The more complicated answer about fentanyl’s lack of cultural force is probably tied up around murky terms that nobody wants to discuss. Statistically, the problem affects so many people that the chances are that most people are too scared to fully embrace it seeing the damage it can do to a person and a community. There’s probably some Sinophobia involved that would require asking how the CIA let their grip on cocaine importing be overtaken to begin with (unless of course they’re involved with the fetty too) and even maybe some unwanted navel gazing by the American public into the Sackler family’s ability to get everyone hooked on opioids. But glorifying the drug in any way might be seen as glamorizing a pandemic.

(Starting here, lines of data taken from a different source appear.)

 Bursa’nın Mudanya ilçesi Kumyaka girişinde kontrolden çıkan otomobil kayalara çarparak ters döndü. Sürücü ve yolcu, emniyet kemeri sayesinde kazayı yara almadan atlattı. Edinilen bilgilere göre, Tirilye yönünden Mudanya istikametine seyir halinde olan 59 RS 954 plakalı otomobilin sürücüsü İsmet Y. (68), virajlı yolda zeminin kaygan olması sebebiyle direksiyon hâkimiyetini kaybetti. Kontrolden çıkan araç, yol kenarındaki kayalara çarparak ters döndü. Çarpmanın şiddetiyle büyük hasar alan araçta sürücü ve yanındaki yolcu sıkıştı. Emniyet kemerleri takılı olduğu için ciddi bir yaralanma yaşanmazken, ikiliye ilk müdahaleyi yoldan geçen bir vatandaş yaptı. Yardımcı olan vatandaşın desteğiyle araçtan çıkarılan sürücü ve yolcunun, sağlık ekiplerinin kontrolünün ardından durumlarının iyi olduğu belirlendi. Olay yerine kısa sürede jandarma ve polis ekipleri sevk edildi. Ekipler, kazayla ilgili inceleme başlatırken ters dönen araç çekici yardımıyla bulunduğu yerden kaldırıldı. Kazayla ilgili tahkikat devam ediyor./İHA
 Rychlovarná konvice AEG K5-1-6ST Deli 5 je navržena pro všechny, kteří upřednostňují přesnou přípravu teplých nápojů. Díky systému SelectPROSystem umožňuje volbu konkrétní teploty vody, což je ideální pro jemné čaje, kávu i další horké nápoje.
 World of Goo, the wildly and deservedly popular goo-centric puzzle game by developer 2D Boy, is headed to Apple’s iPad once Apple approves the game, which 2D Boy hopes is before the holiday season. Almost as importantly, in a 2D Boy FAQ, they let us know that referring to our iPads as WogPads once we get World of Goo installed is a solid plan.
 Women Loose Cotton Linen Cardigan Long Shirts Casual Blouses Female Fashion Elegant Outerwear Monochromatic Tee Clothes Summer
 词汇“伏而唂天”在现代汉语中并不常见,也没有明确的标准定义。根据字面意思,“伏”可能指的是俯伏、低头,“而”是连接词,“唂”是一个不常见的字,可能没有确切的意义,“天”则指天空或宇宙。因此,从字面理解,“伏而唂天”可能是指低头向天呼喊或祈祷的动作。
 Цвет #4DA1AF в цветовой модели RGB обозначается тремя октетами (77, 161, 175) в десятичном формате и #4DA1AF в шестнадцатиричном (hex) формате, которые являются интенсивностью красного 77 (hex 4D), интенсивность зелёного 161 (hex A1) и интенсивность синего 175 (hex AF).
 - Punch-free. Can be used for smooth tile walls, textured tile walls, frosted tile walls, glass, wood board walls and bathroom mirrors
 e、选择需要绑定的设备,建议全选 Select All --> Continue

The rap industry's fascination with fentanyl as a source of profit is a stark contrast to the lack of representation of the drug in popular culture. It's unclear why the creative community has avoided exploring the topic in depth, but as the line between rap and pop culture continues to blur it's important to ask why fentanyl is the outlier. I’m not saying that I want EST Gee to suck on a fentanyl lollipop, or for Future to normalize slapping a fentanyl patch on his upper arm. I just think it says a lot about us as a society that we’ve gotten to the point where selling poison for the sake of profit has leaked into the very foundation of culture, and it’s important to ask if we’re okay with that.